あまりに針の筵状態でピリピリと空気が痛い。
愼寿郎さんの目が怖い。
見透かされていそうな目で私を突き刺している。怖いなら何故言ったのだ?
言わなきゃよかっただけの話。

それなのに口から出てしまった。
自分のしてしまったことを正当化したかったのか?
それとも自分の気持ちから逃げるなと言われて言い訳に困ったのか?

恐らくどちらも。


どちらにしても最低なことをした。
罪に罪を重ねてどうするつもりなのだ。
だけど、罪を償う機会とも思ったのかもしれない。

最低な行いを他人に話せば、私を責めてくれる。
鬼殺隊の人たちは誰も責めない。
柱である宇髄さんの重要性を知っているからだ。


だけど、瑠璃さんは私を真正面から怒ってくれた。そのおかげで私は自分の身の振り方を改めることができた。


責めていい。
責めてほしい。


そうしなければ甘えてしまう。
優しさに。

それほどまでに罪は重い。


私は下に向けていた視線を真っ直ぐに彼に向けた。
逃げない。
自分のしたことから。


「…自分を愛した男を裏切ったのか。」


「はい。そうです。」


「…自分の得意分野でか。」


「間違いありません。」


絶対に目を逸らさない。
絶対に逃げない。

もう逃げたくない。
もう嘘をつきたくない。



「最低な女だな。三人の嫁を捨て、お前のような女を愛したアイツはとんでもない愚か者だ。」


「…愚か者は私、ただ一人です。」


「…出て行け。そんな女の薬など飲みたくもない。」


「…ですが…」


「出て行けと言っておるだろう!!この腐れ女が!!」


燃えるような瞳は元炎柱故か。
ビリビリと痛い空気にたじろぐ私はまだ弱い証拠だ。


「此処に置いておきます。

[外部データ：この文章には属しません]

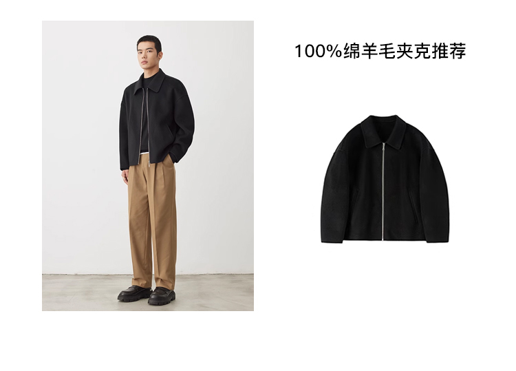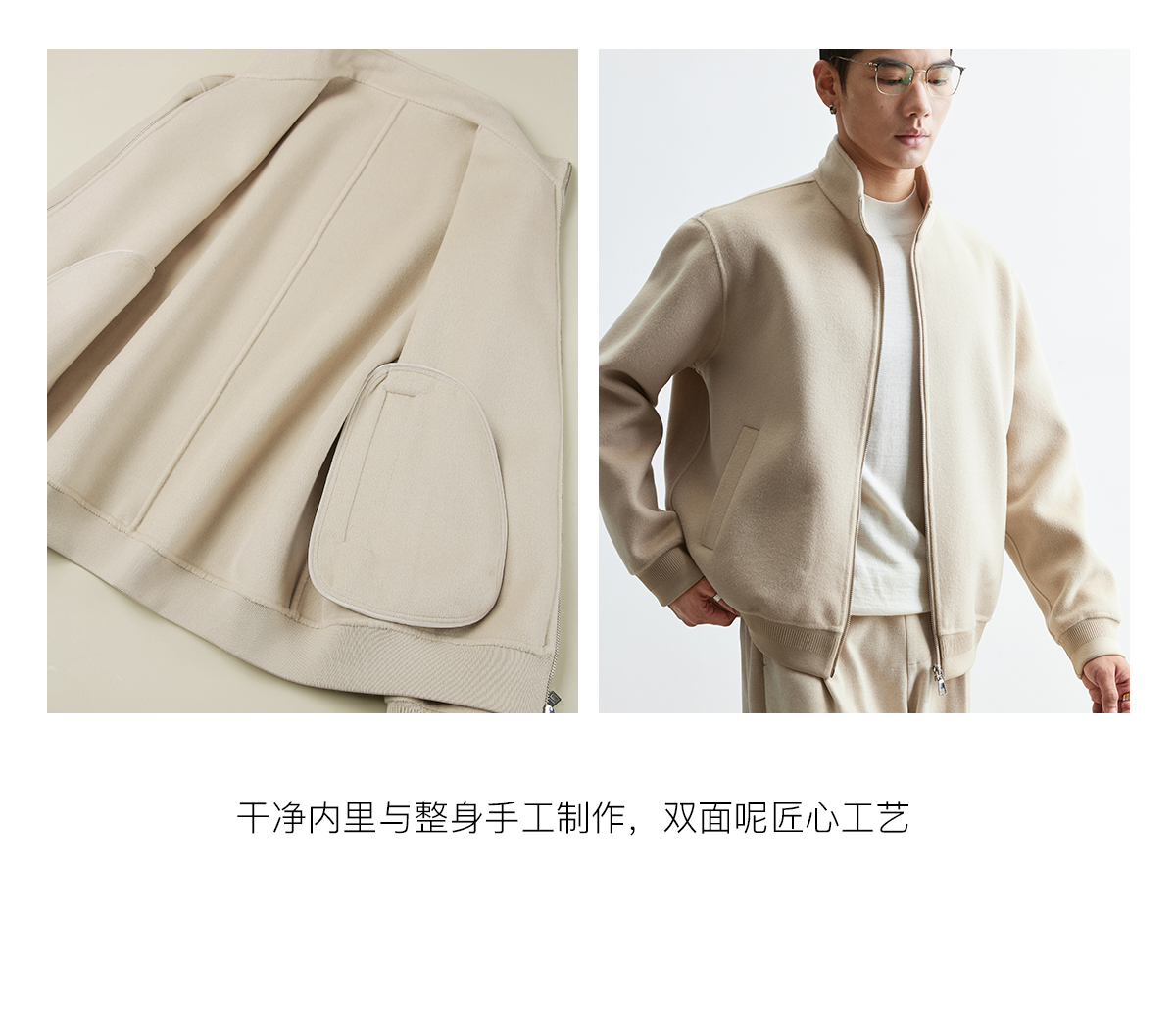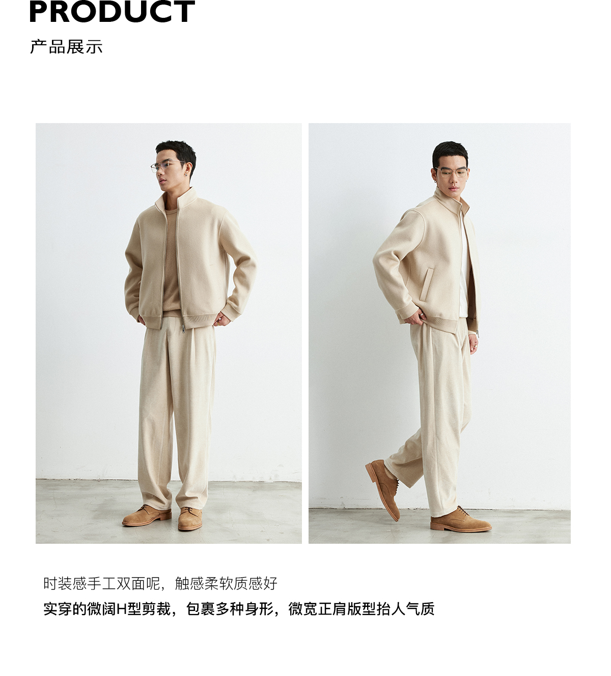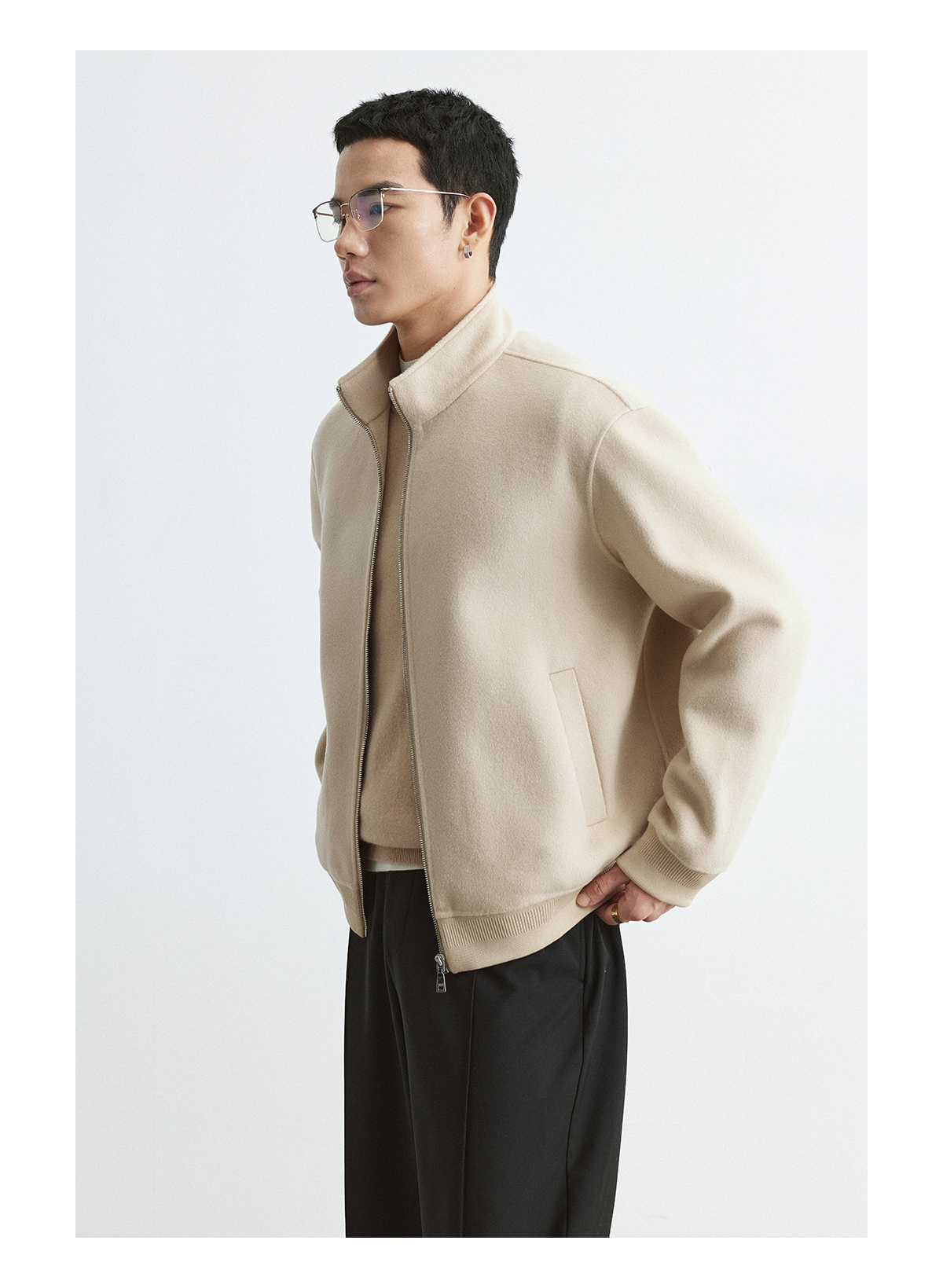 OSENS men's 100% wool short coat handmade double-sided tweed jacket shoulder collar Men woolen Outwear

千寿郎さんにも…」


「お前のような卑怯者の薬など全て捨ててやる!鬼殺隊の恥晒しめ!!出て行け!二度と此処に来るんじゃねぇ!」


近くに置いておいた薬を引っ掴むと全力で私に投げつけてきた彼を見て、これが正しい反応だと頷く。


愼寿郎さんは間違っていない。


鬼である珠世さんの力を借りて愛している人の記憶を消すなんて鬼殺隊の恥晒しと言われても仕方ないこと。


やっと正当な評価をもらえた。

これが…今の私だ。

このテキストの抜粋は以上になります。